Ссылки для упрощенного доступа

40 дней со дня смерти Евгения Евтушенко

Евгений Евтушенко, вне всякого сомнения, яркая и самостоятельная поэтическая личность. Большой поэт всегда выламывается из ряда, но в то же время как-то соотносится и с современниками, и с предшественниками. Родственных современников у Евтушенко, как известно, трое, а вместе их четверо, как и констатировал, развивая Пастернака, Вознесенский: "Нас мало, нас, может быть, четверо", то есть Евтушенко, сам Вознесенский, Ахмадулина и Рождественский. Некоторые хотят поставить в этот ряд Булата Окуджаву, но это не верно: Окуджава – человек иного поколения, фронтовик. А эти четверо, как принято было когда-то говорить, дети двадцатого съезда, пресловутой оттепели. Нас сейчас интересует один Евтушенко, и мы хотим найти его предшественников. Конечно, вспоминается первым делом Маяковский, у которого Евтушенко заимствовал жанр стихотворной публицистики, богато им развитый. Но я бы вспомнил еще одно имя: Гайдар, Аркадий Гайдар. И не с писаниями Гайдара я бы его связал (мало общего, поэзия и проза), а с жизненной установкой, биографией попросту говоря. Это очень выразительная противоположность, как раз и провоцирующая на сравнение по принципу контраста. Гайдар за советскую власть полной мерой воевал, сражался, убивал – и сам в конце концов убился, погиб, можно сказать, сам искал гибели: мог бы вполне остаться в живых военным корреспондентом центральной прессы. Но ему было за что погибать – за веру свою беззаветную, купленную и оплаченную кровью, чужой и своей. И вот вопрос: была ли такая вера у Евтушенко? Это вопрос не праздный, потому что сам Евтушенко постоянно заявлял себя советским поэтом, советским человеком, живущим заодно со страной. Сколько стоила эта его вера – вот вопрос.
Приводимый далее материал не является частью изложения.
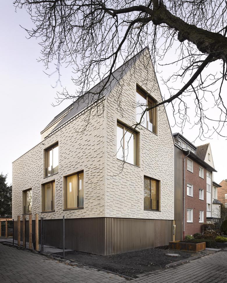 Gebäudeform und Fassadengestaltung orientieren sich in abstrahierter Form an der Nachbarbebauung. Die Giebelform des Daches wird aufgenommen, das Dach dreht sich zugleich in Richtung des angrenzenden Reihenhauses. Auch der Klinker nimmt die Farbigkeit der beigen Putzfassade auf. Der Gebäudesockel springt in gleicher Ausbildung zurück. Die Materialität besteht aus natursteinfarbigem Klinker und Fassadenblechen.
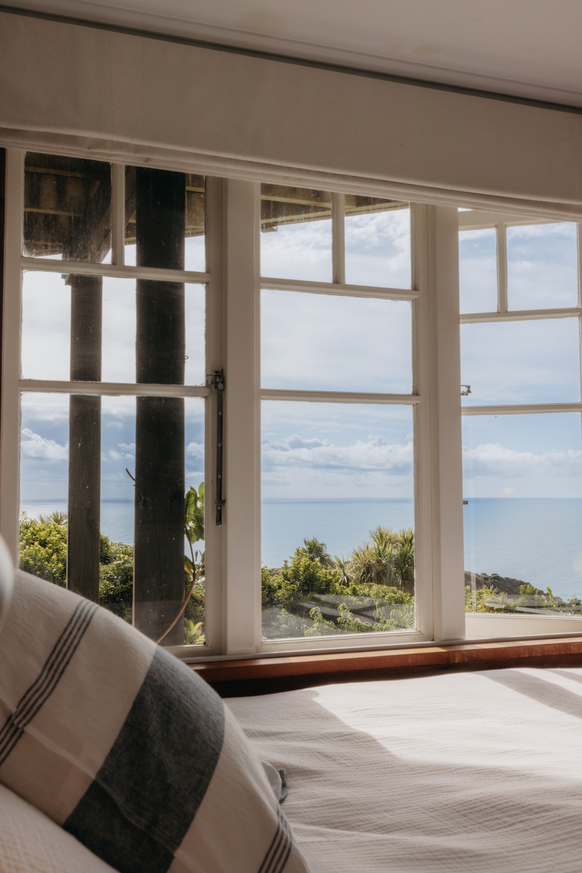 Prime spot across road from Piha's dramatic surf beach, at quiet north end. Large sunny decks, wonderful indoor-outdoor living, nestled amongst beautiful pohutukawas , comfortable home-away-from-home, recently-renovated kitchen, most mod-cons, with a kiwi 'bachy' feel. Surf across road, easy access to North Piha Surf patrol area for swimming; walks, wine, games & books by fire in winter. View surf from your pillow upstairs in master bedroom !
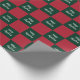 Merry Christmas is in a white script. This checkerboard wrapping paper has a classic Christmas color palette. The wrapping paper has a traditional red and green color scheme.
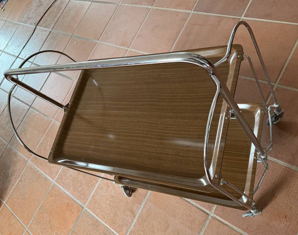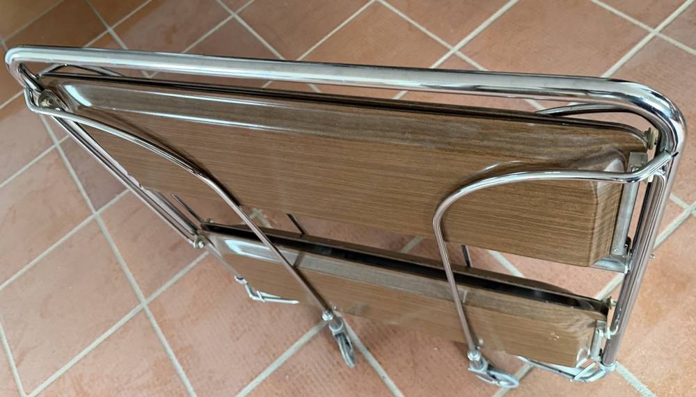 Dinett (klappbarer Servierwagen,) wohl von Bremshey&Co, B- 67,5 cm H- 78 cm - Ablagefläche 60,5 x 41,5 cm , ca. 8 cm zusammengeklappt, wohl 60/70er Jahre [1]
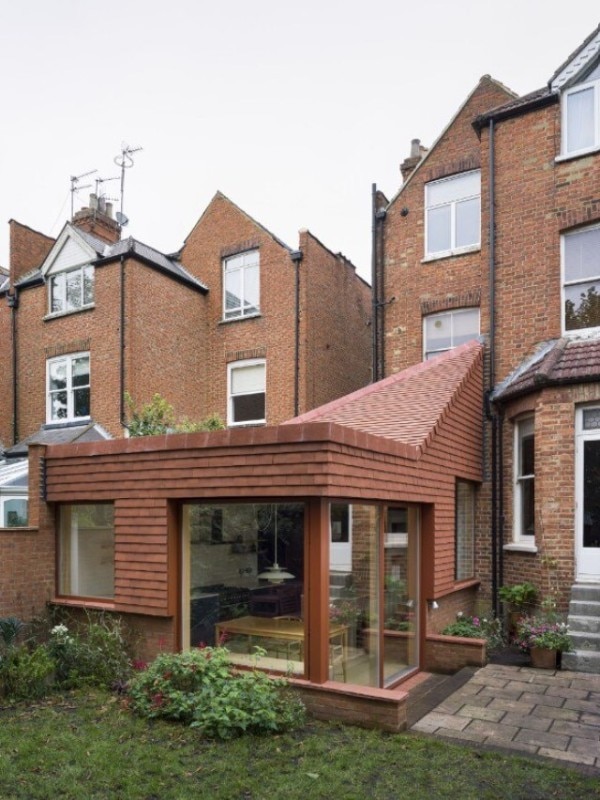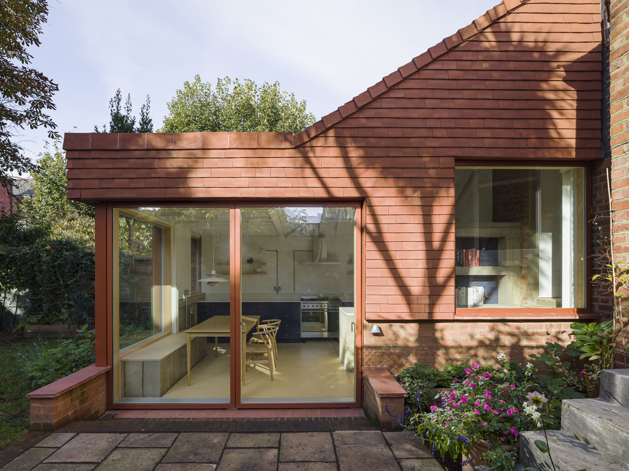 The appealing and “entangled” extension to the ground floor of a semi-detached Victorian house in Willesden Green, north-west London, recalls the memory of traditional ancillary buildings located in nineteenth-century gardens. The single-storey building is annexed to the rear of the existing building to accommodate a new kitchen and dining room, creating textural continuity with its surroundings through the terracotta cladding on both facades and roofs. In the interior, the simple and essential finishes of exposed concrete and ceramic tiles and wooden furnishings give the space a deliberately humble but warm and welcoming feel. Read more
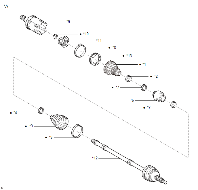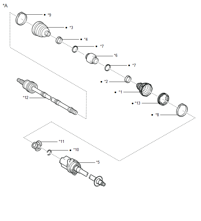 | *9 | FRONT NO. 2 AXLE OUTBOARD JOINT BOOT CLAMP | *10 | SHAFT SNAP RING |
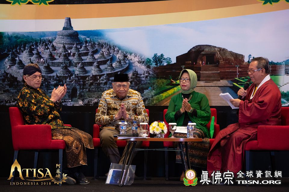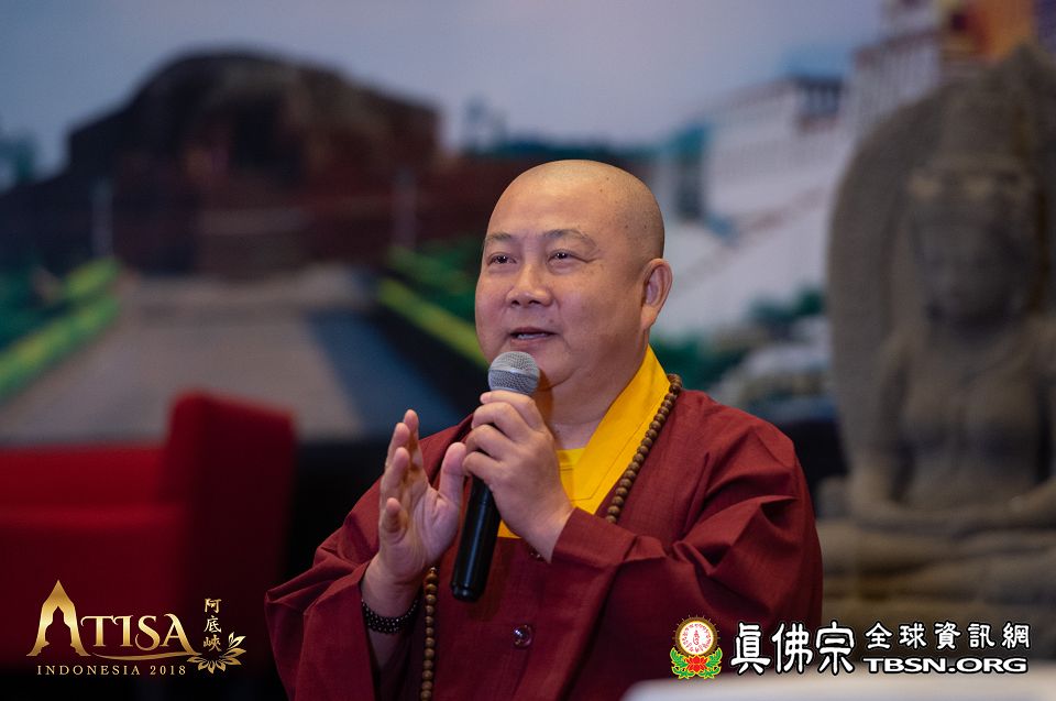 蓮飛上師也應邀致詞,提到婆羅浮圖殊勝的歷史定位,也向貴賓們介紹聖尊蓮生活佛昔日蒞臨印尼的盛況。聖尊的多篇文章之中,提到了阿底峽祖師,上師並且與大家分享師尊文章「阿底峽事師十二年」。

Вот тут обаяние Евтушенко: желание и умение увидеть краски и запахи живой жизни вне всяких догм и верований

Самый ранний, самый свежий Евтушенко (мы не говорим о его первой книге "Разведчики грядущего", вышедшей еще в сталинский 1952 год) при всей своей молодой непосредственности, открытости радостям бытия, ощущении богато разворачивающейся жизни – то есть прежде всего сам живой, этим и бравший за живое, – ни в коем случае не избегает известных тем, ненавязчиво, но тем и убедительно демонстрирует свою правоверность, нерасторжимость с советской традицией. В двух уже полностью своих начальных книгах "Шоссе энтузиастов" и "Обещание" отнюдь не только цветение молодости и ощущение счастья бытия, вне какой-либо обязательной казенщины, но и вполне органично звучащие мотивы идеологической лояльности. Тут и сибирские партизаны, лежащие хоть с крестами на груди, но под пролетарской могильной звездой, тут и милая девушка, в сумочке которой с профилем ленинским лежит комсомольский билет. И нет у Евтушенко никакой принужденности в этих темах и мотивах, это ему не в нагрузку, а в охотку. Молодой энтузиазм поэта направлен не на протест, а на очищение замаранных жизнью идеалов. Молодость и есть такое очищение, потому что она сама чистота. Вот типичное стихотворение тех лет:

Шла в городе предпраздничная ломка.
Своих сараев застеснялся он.
Вошли мы в дворик, сплевывая ловко,
и дворик был растерян и смятен.
И кое-кто на нас глядел из дома,
как будто мы сломать хотели дом,
и было на троих у нас
три лома,
и по сараю дряхлому
на лом.
Была жара июньская.
От пыли
першило в глотках водосточных труб.
К ларьку мы подбегали.
Пиво пили
и шли ломать, не вытирая губ.
Нам била в ноздри темнота сырая.
Трещали доски,
сыпалась труха,
а мы ломали старые сараи,
счастливые от пива и труда.
Летели к черту стены, и ступеньки,
и двери, и пробои от замков,
и тоненькие девочки-студентки
клубникой нас кормили из кульков.
Мы им не говорили, что устали,
на бревна приглашали, как гостей,
и алые клубничины глотали
с больших ладоней, ржавых от гвоздей.

Нехитрая аллегория в духе 20-го съезда – и в то же время как мило, как живо это сочетание ржавых гвоздей и алых клубничин на молодых ладонях. Вот в том-то и дело, вот тут обаяние Евтушенко: желание и умение увидеть краски и запахи живой жизни вне всяких догм и вполне разделяемых верований – и даже не вне, а вместе с ними.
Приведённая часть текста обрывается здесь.